Lusi, yang awalnya terkejut, kemudian tertawa terbahak-bahak.
"Tenang, Sayang! Nenek sudah bilang, 'Piring itu hanya barang mati, yang penting cucuku bahagia!'" Ia menambahkan dengan nada bercanda, "Lagipula, kita bisa beli yang baru. Mungkin yang anti pecah, ya?"
Kejadian-kejadian lucu berlanjut. Rangga mencoba merakit rak buku yang baru dibeli, hasilnya rak buku tersebut terlihat seperti menara Pisa yang siap runtuh. Mereka berdua tertawa terbahak-bahak saat mencoba memperbaiki rak buku yang miring itu.
Bahkan saat menonton film romantis, Rangga tertidur pulas di sofa, membuat Lusi mengunggah foto Rangga yang tertidur dengan caption, "Ini dia, pangeran tampanku yang sedang bermimpi indah… atau mungkin mimpi buruk karena rak buku kita?"
Kehidupan rumah tangga Rangga dan Lusi terus berlanjut, dibumbui dengan tawa dan kekonyolan yang tak pernah habis. Setelah insiden rak buku miring, tantangan berikutnya datang dalam bentuk kue ulang tahun.
Lusi berniat membuat kejutan untuk ulang tahun Rangga, sebuah kue cokelat leleh yang mewah. Ia mengikuti resep dari buku masak kesayangan neneknya, yang terkenal rumit dan penuh dengan petunjuk samar.
Rangga, yang pulang kerja lebih awal untuk membantu, akhirnya malah menjadi pengganggu. Ia terus bertanya-tanya, memberi saran yang tidak perlu, dan bahkan mencoba mencicipi adonan sebelum waktunya.
"Sayang, ini adonan terlalu kental, ya?" tanya Rangga, sambil menunjuk adonan dengan sendok kayu.
Lusi, yang sedang fokus mengocok telur, menjawab dengan sabar, "Sabar, Sayang! Ini masih proses. Lagipula, kamu bukan koki profesional."
"Tapi aku bisa mencicipi, kan?" Rangga mencoba mengambil sedikit adonan.
"Tidak! Nanti kue kita gagal!" Lusi menghentikan tangan Rangga.
Setelah berjuang berjam-jam, kue akhirnya matang. Namun, bentuknya tidak seperti yang diharapkan. Kue tersebut terlihat seperti gunung cokelat yang meletus, dengan lapisan cokelat leleh yang berantakan.
"Sayang, lihat kue ulang tahunmu!" kata Lusi, dengan sedikit malu.
Rangga tertawa terbahak-bahak. "Ini… lucu sekali! Sepertinya gunung berapi cokelat yang sedang meletus!"
"Tapi aku sudah berusaha keras!" Lusi sedikit kecewa.
"Aku tahu, Sayang. Dan itu sangat berharga bagiku. Rasanya pasti enak kok!" Rangga memeluk Lusi, menghibur istrinya.

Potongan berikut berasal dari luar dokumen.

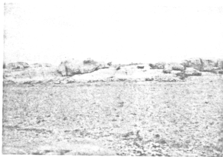
FIG. 2. WEATHERED ROCK AND SOIL ERODED AREA PHOTOGRAPHED DURING FIELD CHECK.
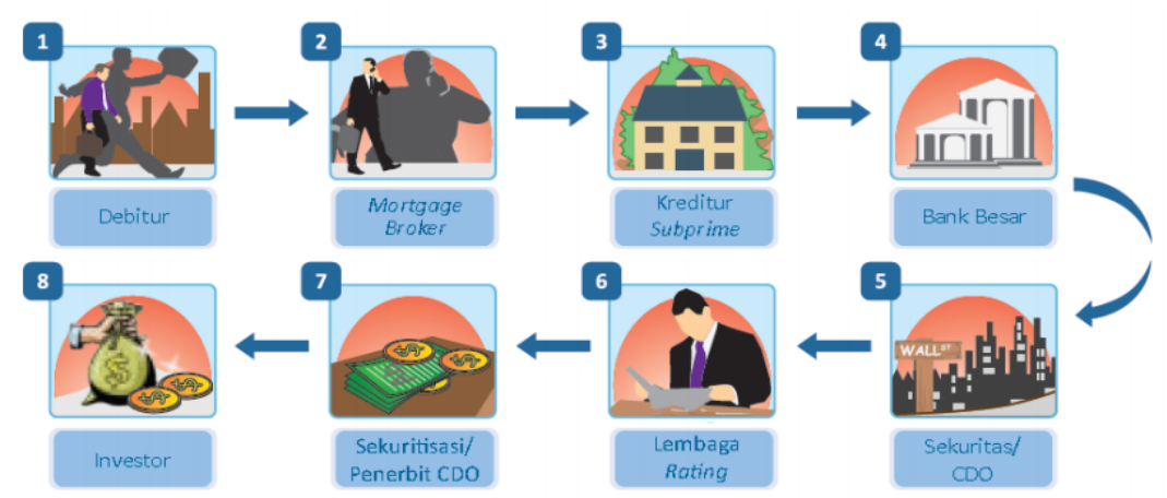
Figure 1. Chronology of Global Financial in 2008

export performance is depressed due to falling prices which have a negative impact, mainly on countries exporting natural resource commodities (SDA). As for the financial transaction channel, the impact of the global financial crisis (GFC) spread to the Asian region due to the decline in the stock market and the depreciating exchange rate. Banking as a financial sector is certainly one of the elements affected by this crisis. Bank Indonesia described the situation at that time in the following infographics:
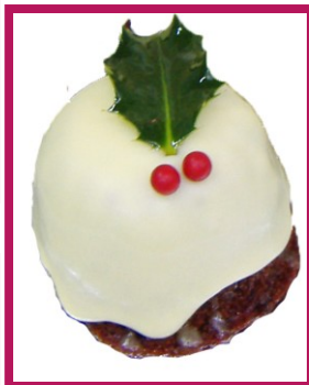
102 Drunken Individual Sticky Meltdown (pictured)

Drunken Sticky pudding with a brandy butter center presented with a brandy butter sauce fresh holly and sugar berries
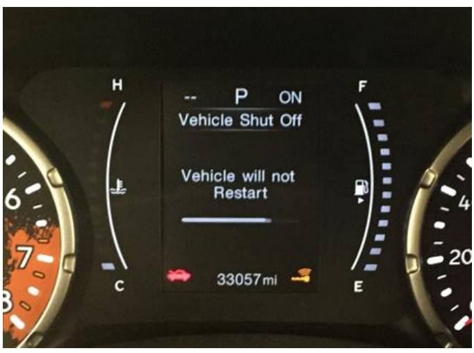
Step 3: The warning message that the vehicle will not restart is displayed. Press and HOLD the EVIC OK button. A timer bar will appear.
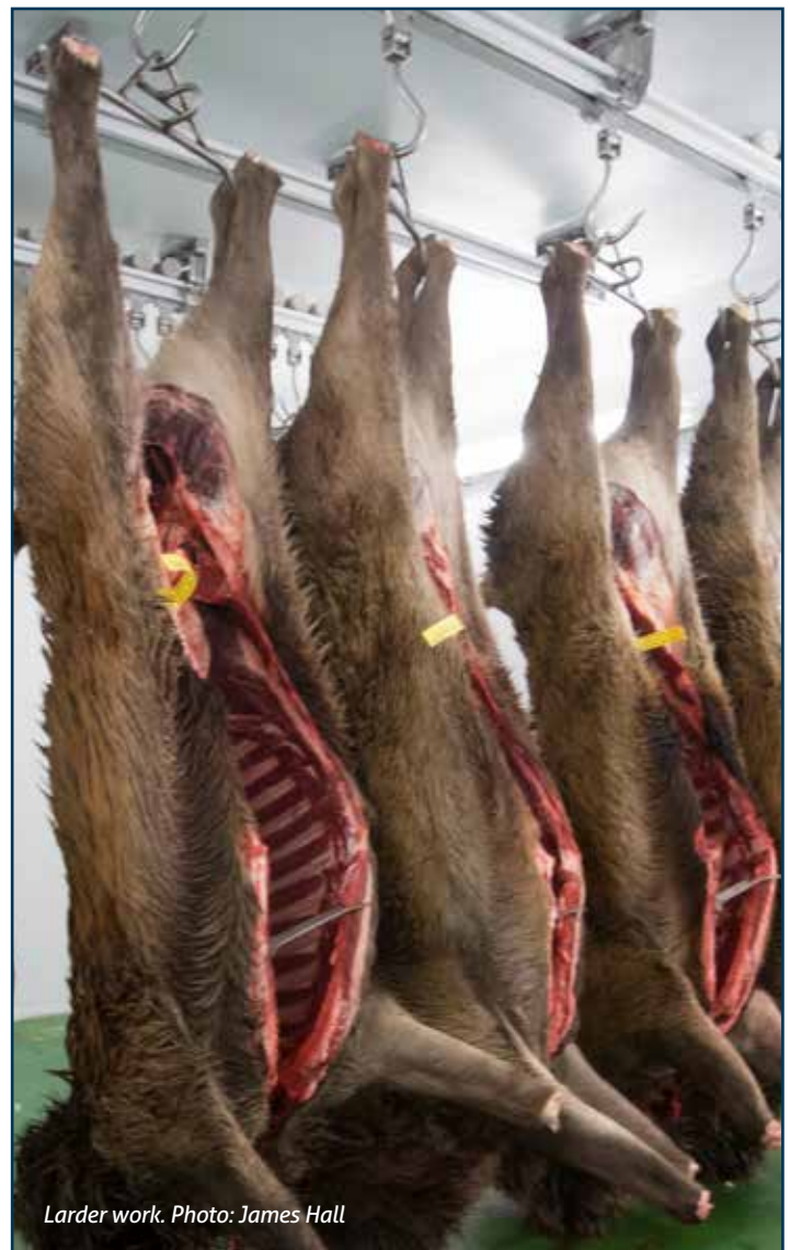
Larder work.

Linked with this demonstration of knowledge and competence is the recommendation that all stalkers should maintain ongoing training to ensure that they are able to demonstrate current knowledge and understanding of best practice and food safety. This can be achieved through Best Practice due to be reinstated during 2017, or through a readily accessible food safety course that can be completed on line via a range of suppliers at little cost. Continuous professional development is a requirement of many aspects of our lives, and there should be no compelling reason why this is not adopted by the wild game sector, demonstrating our ongoing commitment to best practice and quality.
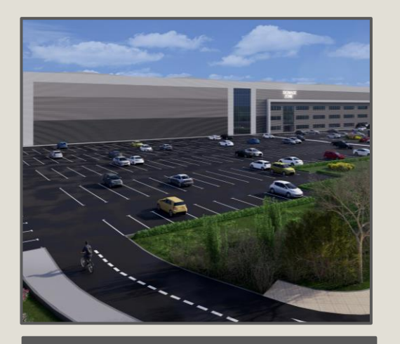
Firth Way, Nottingham Premcor/Barwood Capital Development Funding 370,000 sq ft
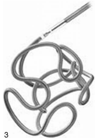
Fig. 3 GDC 10 3D coil.

tems, Best, the Netherlands) with the use of general anesthesia and systemic administration of heparin. Intravenously or subcutaneously administered heparin was continued for 48 hours after the procedure, followed by 80 mg of aspirin daily for 3 months. The aim of coiling was to pack the aneurysm as densely as possible, until not 1 more coil could be placed.

Malam harinya, mereka merayakan ulang tahun Rangga dengan kue "gunung berapi" tersebut. Mereka tertawa terbahak-bahak saat kue tersebut hancur saat dipotong.
"Ini kue ulang tahun paling unik yang pernah kumakan," kata Rangga, sambil membersihkan cokelat yang belepotan di wajahnya.
"Ya, dan paling berkesan," tambah Lusi, sambil tertawa. "Tahun depan, kita pesan saja ya?"
Keesokan harinya, mereka berencana untuk mengganti gorden kamar tidur. Rangga, dengan percaya diri, mencoba untuk memasang gorden tersebut sendiri. Namun, ia salah mengukur, dan gorden tersebut terlalu pendek. Lagi-lagi, tawa menggema di rumah mereka.
"Sayang, gordennya… terlalu pendek!" kata Rangga, dengan wajah sedikit merah.
Lusi tertawa terbahak-bahak. "Tidak apa-apa, Sayang! Kita bisa beli yang baru. Yang lebih panjang, ya?"